DATA SHOWN —
■ ■ ■ ■ ■

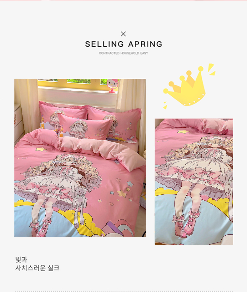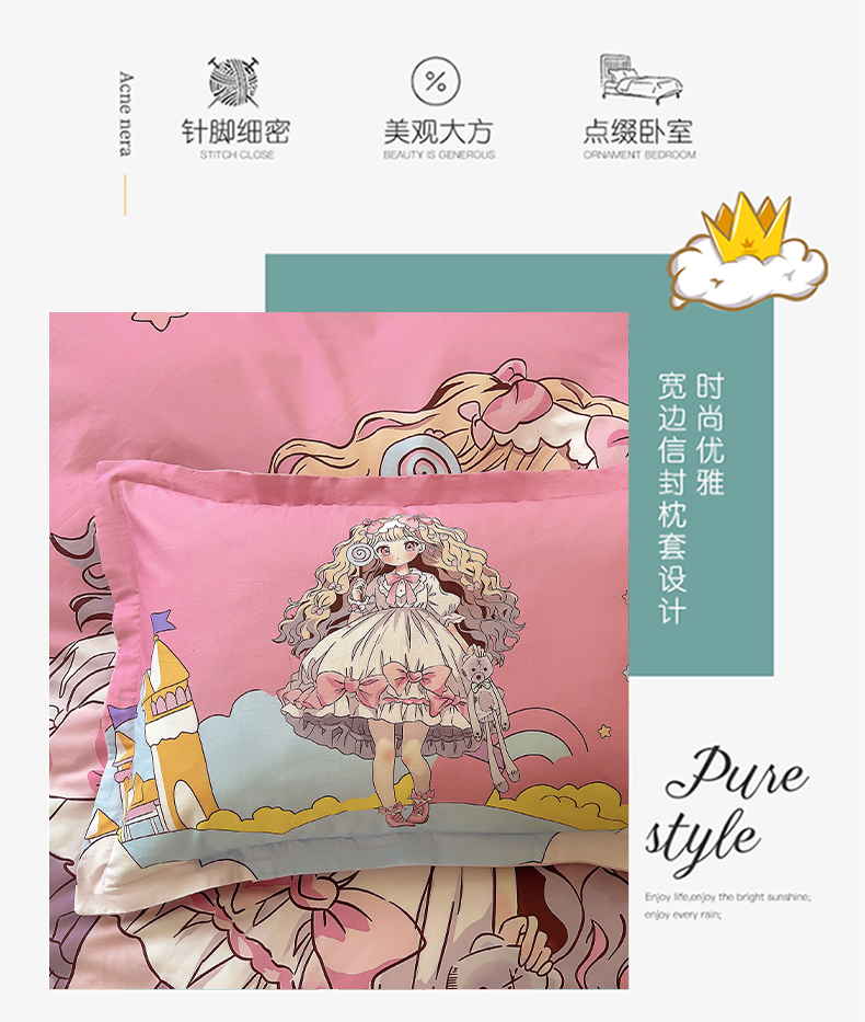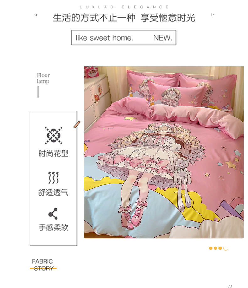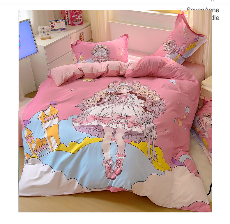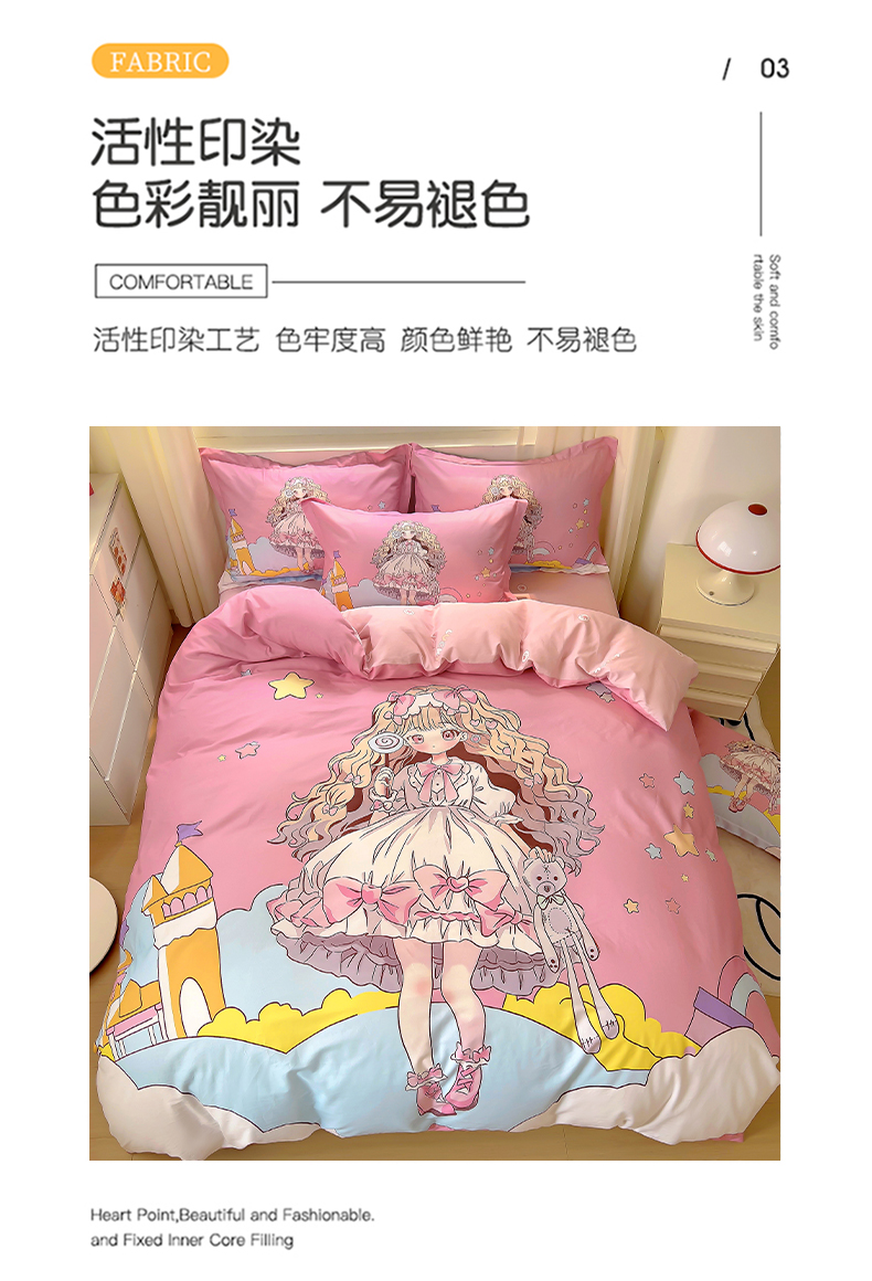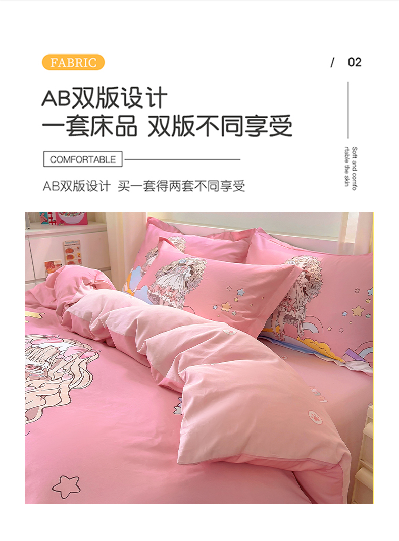 当前位置: 91家纺网 > 商品网购 > 床品套件 > 四件套 > 全棉普通四件套 > 浩诚 2025新款原创设计女孩全棉四件套 甜心女孩
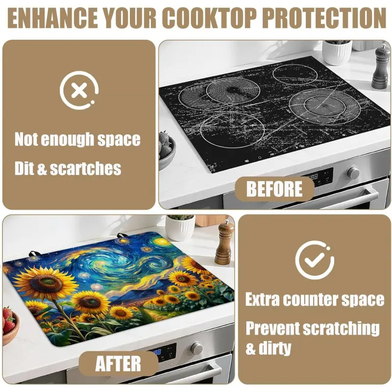 This large stove mat not only enhances your kitchen decor but also expands usable countertop space. It fits most electric/induction stovetops and curved edges, fully covering the stove surface while protecting both the appliance and countertop.
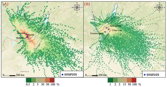 Percentage distribution of transfer pathways of air masses (250 m above ground level (AGL)), calculated from the main source cities of the Baikal region during 2017–2022 (A) Irkutsk Region (B) Republic of Buryatia https://www.ready.noaa.gov/HYSPLIT.php (accessed on 16 January 2023).
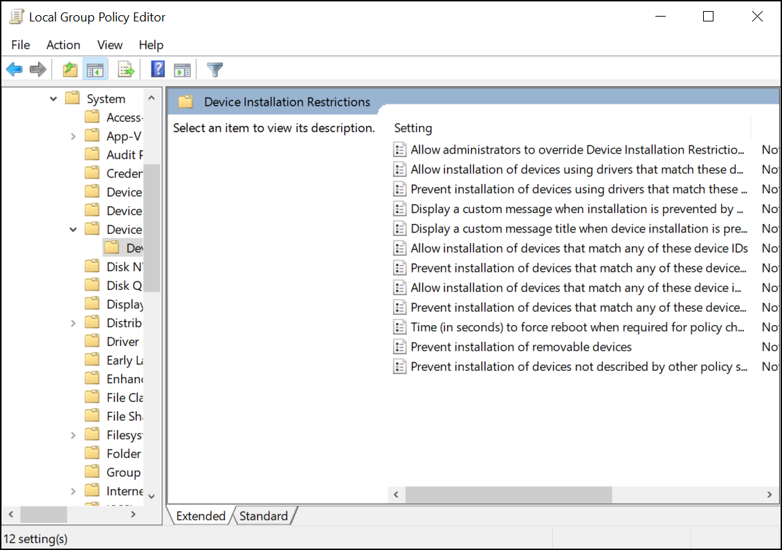 Select Computer Configuration > Administrative Templates > System > Device Installation > Device Installation Restrictions.

■ ■ ■ ■ ■

ACTION ITEM —
Output exactly the span of lines from the top of the listing through the line holding "This large stove", and leave every picture out.

WRITTEN SOLUTION —
 当前位置: 91家纺网 > 商品网购 > 床品套件 > 四件套 > 全棉普通四件套 > 浩诚 2025新款原创设计女孩全棉四件套 甜心女孩
 This large stove mat not only enhances your kitchen decor but also expands usable countertop space. It fits most electric/induction stovetops and curved edges, fully covering the stove surface while protecting both the appliance and countertop.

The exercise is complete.